Fueled by the hit single “Photograph,” punctuated by a Collen guitar solo, “Pyromania” exploded, lifting the band from opening for Billy Squier to headlining stadiums and selling more than 10 million copies in the U.S., earning a Diamond certification.
Then came “Hysteria,” another Diamond album, released after drummer Rick Allen lost his left arm in an automobile accident. That album generated seven singles as Def Leppard became one of the world’s biggest bands.
The band’s magpie approach, Collen said, carries over to its live performances as well.
“We always have been fans of the hybrid, even with the show,” Collen said. “You hear Earth, Wind and Fire, or whoever, all these bands, you add a little bit of it. It’s the same with the show. You see KISS and all the production and lights and then a punk band in a club and you combine them. You combine all these things.”
Collen didn’t know the precise combination for Def Leppard’s 2017 tour during the interview. The finishing touches were just then being put on the production, and the setlist wasn’t yet complete. But figuring out what songs to play isn’t hard.
“You have to play the hot chestnuts, it’s a given,” Collen said. “There’s a bunch of them that are absolute essentials. Then there are second tier ones. And there’s a little bit of wiggle room for a new song or fun ones. But you have to play certain things or people are going to be pissed.”

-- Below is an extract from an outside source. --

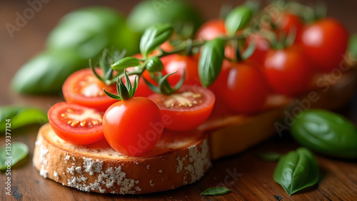 Cherry Tomatoes and Basil Bruschetta Harmony

That means it’s a certainty that concert-goers will hear “Hysteria,” “Bringin’ On The Heartbreak,” “Pour Some Sugar On Me” and “Photograph” when Def Leppard hits the stage at PBA.
Wednesday, it will be preceded by Poison and Tesla, a lineup that Collen enthusiastically embraced.

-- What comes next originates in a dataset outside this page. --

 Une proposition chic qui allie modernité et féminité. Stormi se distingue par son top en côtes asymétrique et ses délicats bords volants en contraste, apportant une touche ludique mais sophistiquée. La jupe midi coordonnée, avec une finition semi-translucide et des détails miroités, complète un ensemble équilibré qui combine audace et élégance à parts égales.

“It’s fantastic,” he said.”We’ve toured with both bands before and love them. It’s almost like a celebration of integrity. We’ve got three bands with original members, not like some bands where there are just one or two. All these guys have been going, pretty much, at it as long as we have.”
And he said, he’s got another connection with one of the opening acts.
“I literally just finished producing the new Tesla album,” Collen said. “It sounds like Zeppelin or Queen or The Beatles from minute to minute, but it still sounds like Tesla. ... I sat next to Mutt Lange for years, I learned some things. It’s pretty cool.”
As Def Leppard tours this spring and summer, Collen said, there’s a chance for a memorable show for him.
“They pop up now and again, you have that magic that kind of sticks with you, playing the Marquee Club in London. I’m from London and played it dozens of times, but playing there with Def Leppard; Budokan, the first time we played there, when Rick Allen came back after his accident,” he said. “They’re a lot of them. The songs, they’re all your babies. They’re all really cool.”
So is the feeling when an arena full of people gives voice to one of the babies.
“If you sit down and write a song and spend god knows how many hours in the studio recording it, then you go out and people are singing it back to you, it’s the best thing in the world,” he said. “It changes everything, even if the song is 30 years old.”
All of that, Collen said, is a payoff that only veteran musicians can understand.
“To be honest, I think you appreciate it more when you’re older, appreciate it as an experience,” he said. “As a kid, you kind of take it for granted.”